A dataset is a collection of records that can be used for evaluations. The dataset should be a CSV file. The supported columns are:

  • "prompt": This is the system prompt used for the LLM
  • "user_query": This the query specified by the user
  • "context_docs": These are context documents that are either retrieved from a RAG or through other methods. For tasks like summarization, these documents could be directly specified by the user.
  • "output": This is the generated text by the LLM
  • "instructions": These are the instructions provided to the LLM
  • "metadata": This is a dictionary of additional metadata associated with the record.

aimon_client.datasets.create

This function creates a new dataset.

Args:

  • file (FileTypes): The CSV file that corresponds to the dataset.
  • json_data (str): JSON string containing dataset metadata. This should contain the name (dataset name) and description (description of the dataset) fields.
  • extra_headers (Headers | None, optional): Send extra headers.
  • extra_query (Query | None, optional): Add additional query parameters to the request.
  • extra_body (Body | None, optional): Add additional JSON properties to the request.
  • timeout (float | httpx.Timeout | None | NotGiven, optional): Override the client-level default timeout for this request, in seconds.

Returns:

  • Dataset: The created dataset.

Example:

from aimon import Client
import json

aimon_client = Client(auth_header="Bearer <AIMON API KEY>")
# Create a new dataset
file_path = "evaluation_dataset.csv"

dataset_args = json.dumps({
"name": "evaluation_dataset.csv",
"description": "This is a golden dataset"
})

with open(file_path, 'rb') as file1:
aimon_dataset = aimon_client.datasets.create(
file=file1,
json_data=dataset_args
)

Class: DatasetCollection

A dataset collection is a collection of one or more datasets that can be used for evaluations.
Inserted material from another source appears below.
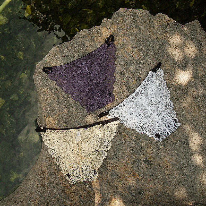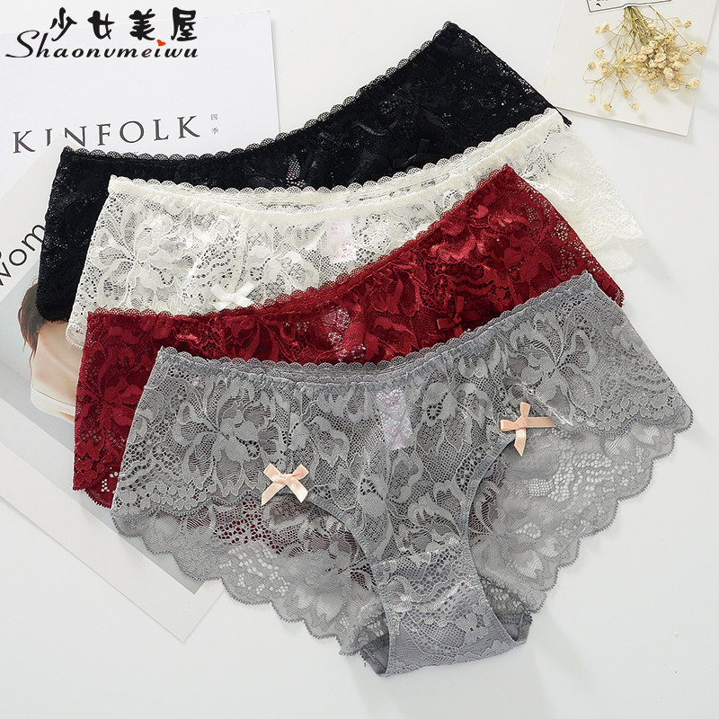 (3 pieces)Girl beauty house panties gift box Transparent sexy lace briefs comfortable thin low waist summer

aimon_client.datasets.collection.create

This function creates a new dataset collection.

Args:

  • name (str): The name of the dataset collection.
  • description (str): The description of the dataset collection.
  • dataset_ids (List[str]): A list of dataset IDs to include in the collection.

Returns:

  • CollectionCreateResponse: The created dataset collection.

Example:

from aimon import Client

aimon_client = Client(auth_header="Bearer <AIMON API KEY>")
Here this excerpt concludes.